Ein konkretes Zeichen
53. Um ein Zeichen für diese in den tiefsten Ansprüchen des
Evangeliums verwurzelte Orientierung der Liebe und Förderung des Menschen
zu setzen, wollte ich, daß das Jubiläumsjahr selbst unter den
zahlreichen Früchten der Liebe, die es während seines Verlaufes
bereits hervorgebracht hat — ich denke besonders an die so vielen ärmeren
Brüdern und Schwestern angebotene Hilfe, um ihnen die Teilnahme am Jubiläum
zu ermöglichen —, auch ein Werk hinterließe, das
gewissermaßen die Frucht und das Siegel der vom Großen
Jubiläum verkündeten Liebe darstellen sollte. In der Tat haben
viele Pilger auf verschiedenste Weise ihr Scherflein beigetragen, und zusammen
mit ihnen haben auch zahlreiche Vertreter aus der Welt der Wirtschaft
großzügige Unterstützung geleistet, die dazu diente, eine
angemessene Durchführung des Jubiläumsjahres zu gewährleisten.
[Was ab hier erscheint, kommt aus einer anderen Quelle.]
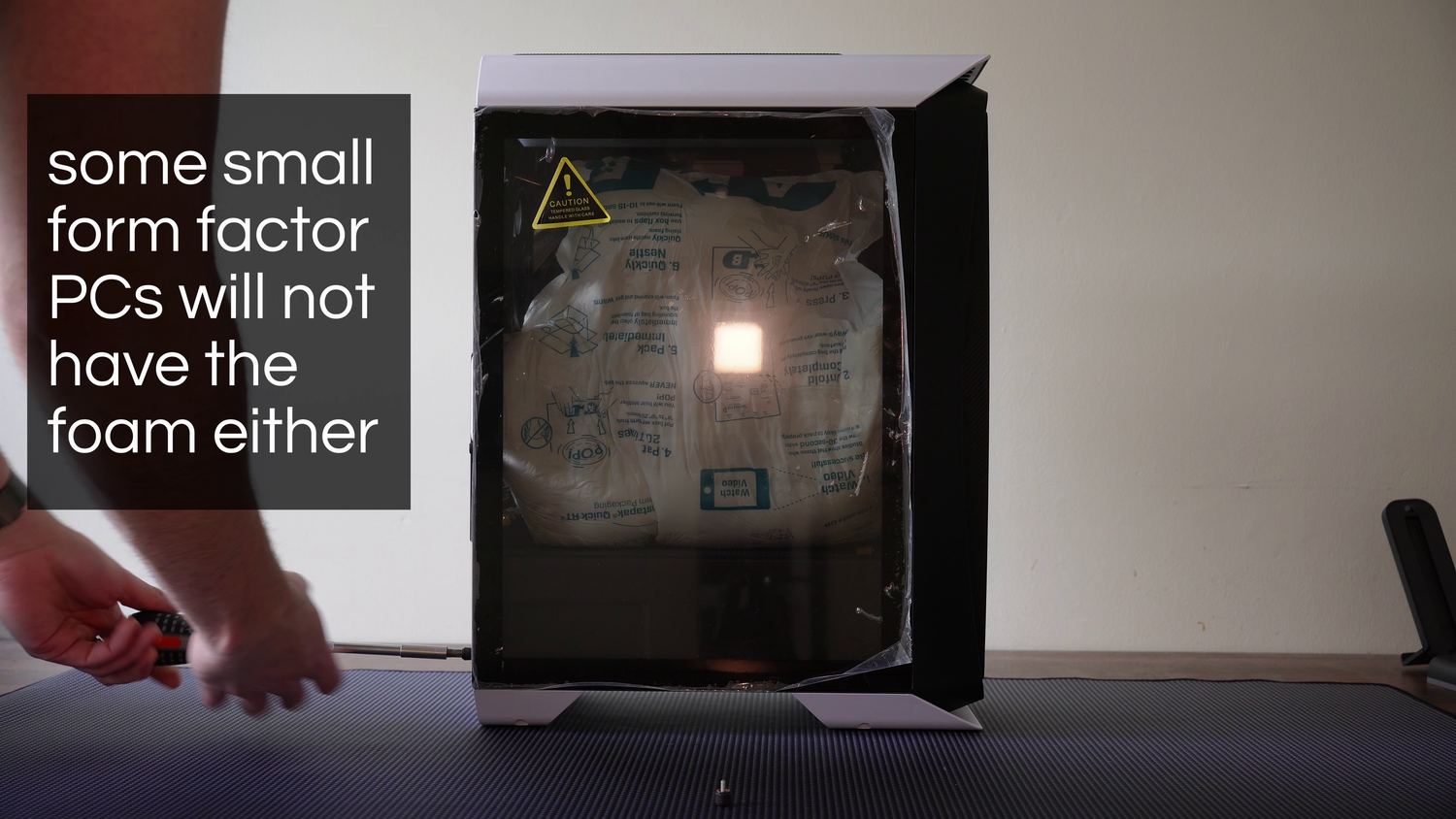 Most PCs will ship with expanding instapak foam to protect the graphics card (small form factor builds may not have this).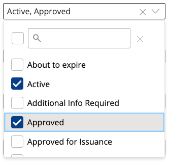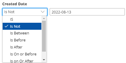 Operator Search result Contains Include results where the field contains the search term(s) anywhere. Starts with Include results where the field begins with the search term(s). Ends with Include results where the field ends with the search term(s). IS Include results where the field is equal to the search term(s). Is Not Include results where the field is not equal to the search term(s). Is Any Of Include results that match multiple search terms. These search terms may be selected from a calendar or list. They may also be typed in the field, separated by commas. Is Before Numeric or date only. Include results that are before the date or number specified. Is After Numeric or date only. Include results that are after the date or number specified. Is On or Before Numeric or date only. Include results that are on or before the date or number specified. Is On or After Numeric or date only. Include results that are on or after the date or number specified. Is Between Include results that are between two values. Use commas to separate the two values. -

Nach Begleichung der Ausgaben, die im Laufe des Jahres notwendigerweise
angefallen sind, soll das Geld, das man dabei sparen konnte, für
karitative Zwecke bestimmt werden. Denn es ist wichtig, daß von einem so
bedeutsamen religiösen Ereignis jeder Schein von wirtschaftlicher
Spekulation ferngehalten werde. Was an Überschuß bleibt, soll dazu
dienen, auch bei dieser Gelegenheit die im Laufe der Geschichte so oft gelebte
Erfahrung zu wiederholen. Diese Erfahrung begann damit, daß in der
Anfangszeit der Kirche die Gemeinde von Jerusalem den Nichtchristen den
ergreifenden Anblick eines spontanen Gabentausches bis hin zur
Gütergemeinschaft zum Wohl der Ärmsten bot (vgl. Apg 2,44-45).
Das Werk, das verwirklicht werden soll, wird nur ein kleiner Bach sein, der
in den großen Strom der christlichen Nächstenliebe einfließt,
der die Geschichte durchzieht. Ein kleiner, aber bedeutsamer Bach: Das
Jubiläum hat die Welt dazu gebracht, nach Rom zu blicken, auf die Kirche,
»die den Vorsitz in der Liebe hat«,37 und dem Petrus ihre Spende zu
leisten. Nun wendet sich die im Zentrum der Katholizität bekundete
Nächstenliebe gewissermaßen wieder der Welt zu durch dieses Zeichen,
das gleichsam Frucht und lebendiges Andenken an die anläßlich des
Jubiläums erfahrene Gemeinschaft sein soll.